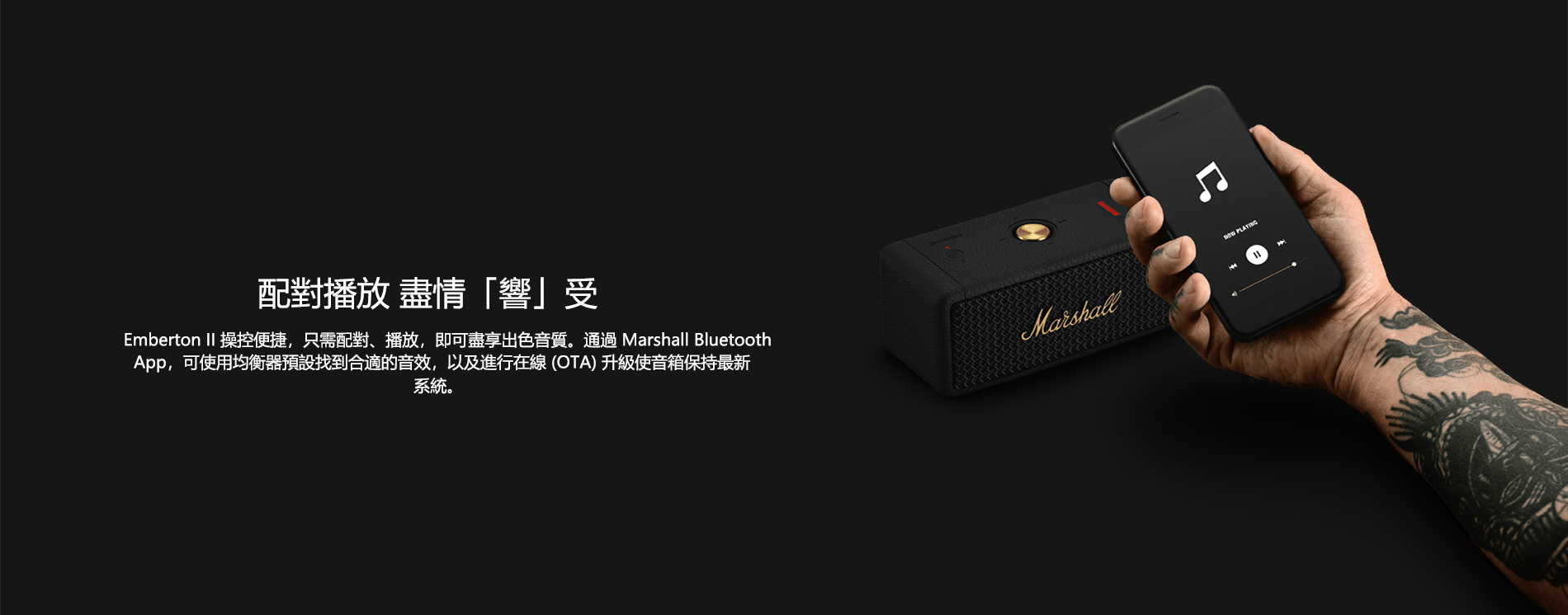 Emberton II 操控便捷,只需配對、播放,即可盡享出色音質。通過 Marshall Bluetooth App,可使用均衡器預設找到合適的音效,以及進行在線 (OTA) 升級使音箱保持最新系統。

★ ★ ★

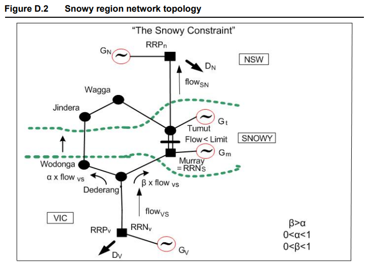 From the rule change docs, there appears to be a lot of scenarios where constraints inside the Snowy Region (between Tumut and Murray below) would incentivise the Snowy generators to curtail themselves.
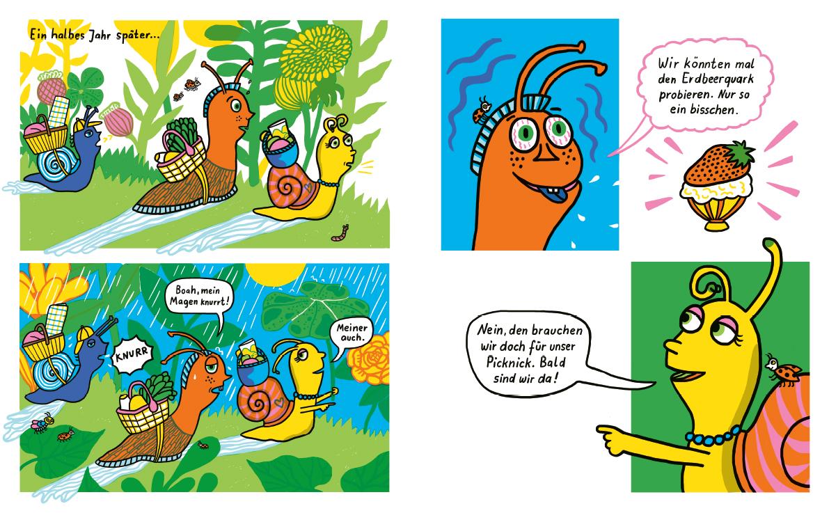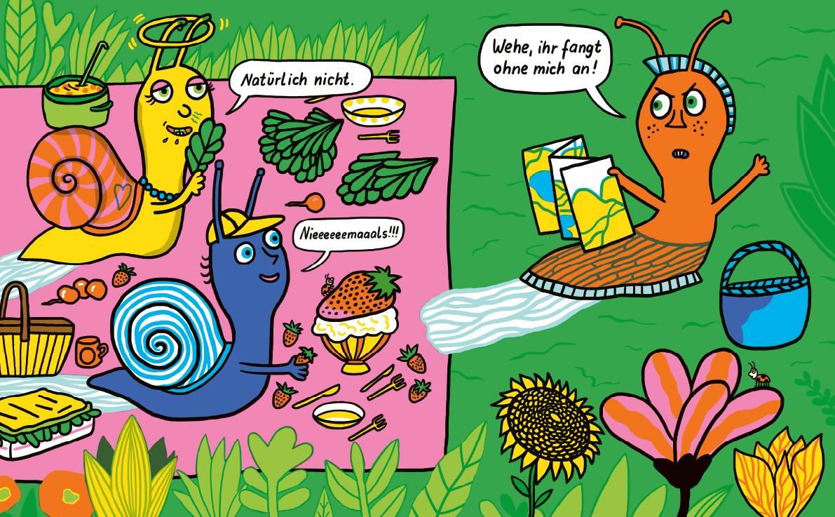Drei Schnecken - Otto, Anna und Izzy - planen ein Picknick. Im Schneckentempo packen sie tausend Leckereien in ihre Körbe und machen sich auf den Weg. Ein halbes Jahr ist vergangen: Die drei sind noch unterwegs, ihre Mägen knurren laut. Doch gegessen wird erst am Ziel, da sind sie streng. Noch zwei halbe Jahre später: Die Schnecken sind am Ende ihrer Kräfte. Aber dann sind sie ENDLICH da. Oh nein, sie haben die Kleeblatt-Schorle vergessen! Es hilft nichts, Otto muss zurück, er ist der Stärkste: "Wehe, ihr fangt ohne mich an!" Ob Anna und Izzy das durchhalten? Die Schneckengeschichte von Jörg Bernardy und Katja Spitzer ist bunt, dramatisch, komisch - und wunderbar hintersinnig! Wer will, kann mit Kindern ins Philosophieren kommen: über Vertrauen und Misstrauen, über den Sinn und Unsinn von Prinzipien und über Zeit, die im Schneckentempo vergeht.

★ ★ ★

Although the records above contain pictures, the copy should not; retype exactly the lines from the one containing "From the rule" through the one containing "Drei Schnecken - Otto, Anna".

 From the rule change docs, there appears to be a lot of scenarios where constraints inside the Snowy Region (between Tumut and Murray below) would incentivise the Snowy generators to curtail themselves.
Drei Schnecken - Otto, Anna und Izzy - planen ein Picknick. Im Schneckentempo packen sie tausend Leckereien in ihre Körbe und machen sich auf den Weg. Ein halbes Jahr ist vergangen: Die drei sind noch unterwegs, ihre Mägen knurren laut. Doch gegessen wird erst am Ziel, da sind sie streng. Noch zwei halbe Jahre später: Die Schnecken sind am Ende ihrer Kräfte. Aber dann sind sie ENDLICH da. Oh nein, sie haben die Kleeblatt-Schorle vergessen! Es hilft nichts, Otto muss zurück, er ist der Stärkste: "Wehe, ihr fangt ohne mich an!" Ob Anna und Izzy das durchhalten? Die Schneckengeschichte von Jörg Bernardy und Katja Spitzer ist bunt, dramatisch, komisch - und wunderbar hintersinnig! Wer will, kann mit Kindern ins Philosophieren kommen: über Vertrauen und Misstrauen, über den Sinn und Unsinn von Prinzipien und über Zeit, die im Schneckentempo vergeht.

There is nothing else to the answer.